Options

# Daily hour sums on multi-day spans of time

Member Posts: 2 Contributor I
edited November 2018 in Help
I have an example set from a spreadsheet that has start and end times which can span multiple days, and I need the total number of hours per day that this time spanned.

For instance, if I have one record with a start time of May 15, 2014 11:00 and an end time of May 15, 2014 14:00, the result should be:
May 15, 2014 3

The more difficult case is when I have one record with a start time of May 15, 2014 09:00 and an end time of May 18, 2014 22:00, I need the following result:
May 15, 2014 16
May 16, 2014 24
May 17, 2014 24
May 18, 2014 22

Then I need to sum the totals per day. So for an example set containing the two records mentioned above, the result would be:
May 15, 2014 19
May 16, 2014 24
May 17, 2014 24
May 18, 2014 22

The approach I am trying is to create extra examples for each of the in-between days (May 16 and 17 in the above example) and assign them 24 hours. But I am having trouble with this. I know how to loop through the example set and create a single new example for each day individually, but I don't know how to then connect ALL of those new examples to the original example set (my first attempt UNIONed only the last one from the loop to the set).

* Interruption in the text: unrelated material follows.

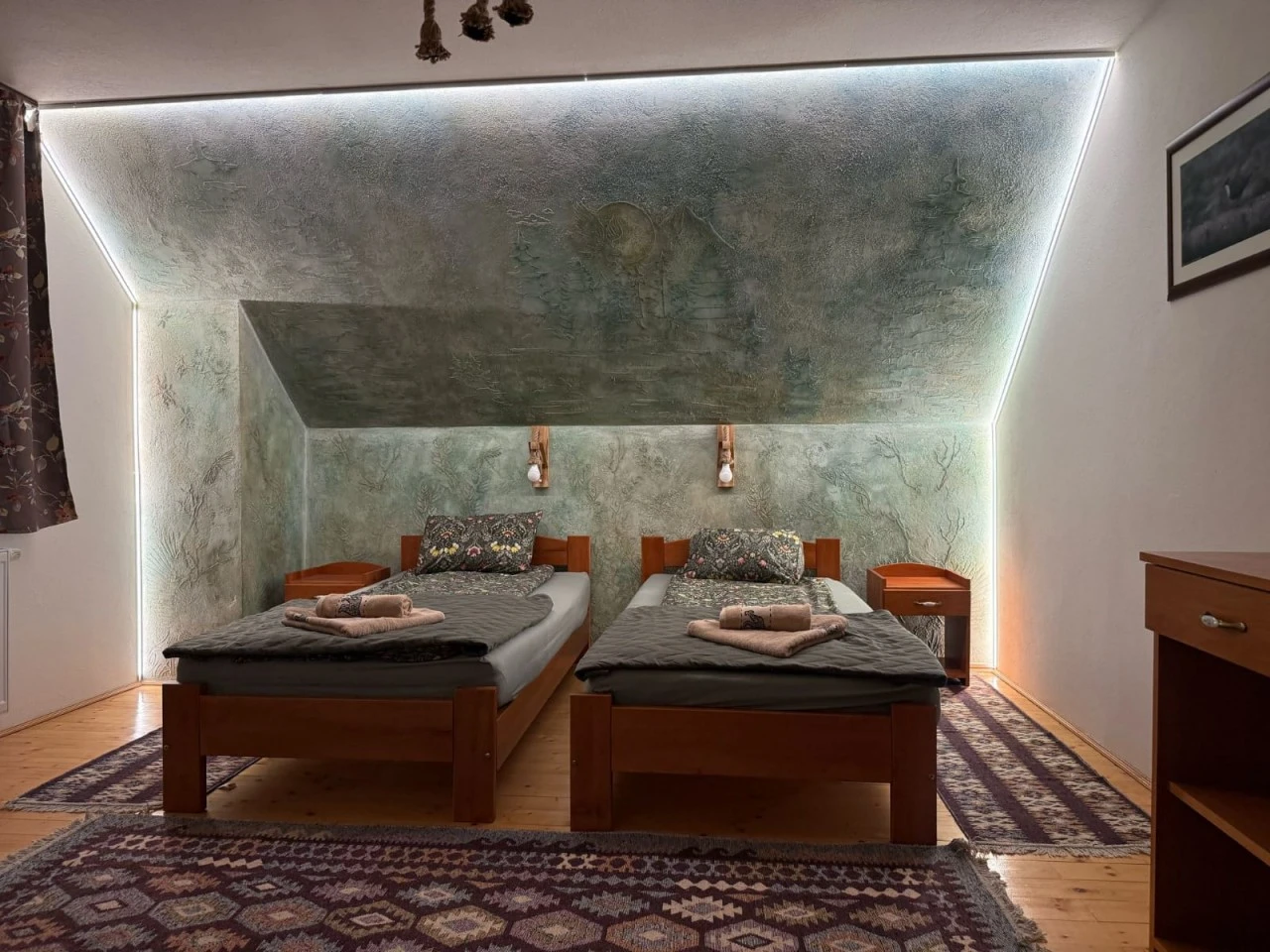 - Cele 4 camere de la etaj pot fi suplimentate cu paturi suplimentare.

Can anyone help with how to do this, or a better way to solve the overall problem?

Thanks,
Kelly

• Options
RapidMiner Certified Expert, Member Posts: 458 Unicorn
Hello Kelly

There is an operator called Fill Data Gaps that can fill in missing values in sequences. You might need some gymnastics to make it work.

After that, the hour will be missing for the newly inserted rows so you would use Replace Missing Values to change missing to 24.

Then you would use the Aggregate operator to sum the hours for each day.

regards

Andrew
• Options
Member Posts: 2 Contributor I
Thanks for your response. The Fill Data Gaps operator looked interesting, but I eventually gave up trying to make this work off of a spreadsheet alone.

Although this is not a real solution to my original question, it might help someone else to know that what ended up working was doing everything via MySQL. I created a table with a single column storing a datetime for each day from 2005 through 2050 (each day starting at 00:00). Then in a single Read Database, I queried the equivalent data that I had in the spreadsheet from MySQL and joined it to the days table on day between start time and end time. This gave me all the in between days. I had to do some other "gymnastics" to get everything else working, but it does work now.

My query was like this:

SELECT i.number, i.start_time, i.end_time, d.dt
FROM inc i
JOIN days d on ((i.start_time-interval 1 day)<d.dt AND i.end_time>d.dt)
WHERE month(inc.sys_created_on) >= %{month_start}
AND month(inc.sys_created_on) < %{month_end}+1
AND year(inc.sys_created_on) = %{year};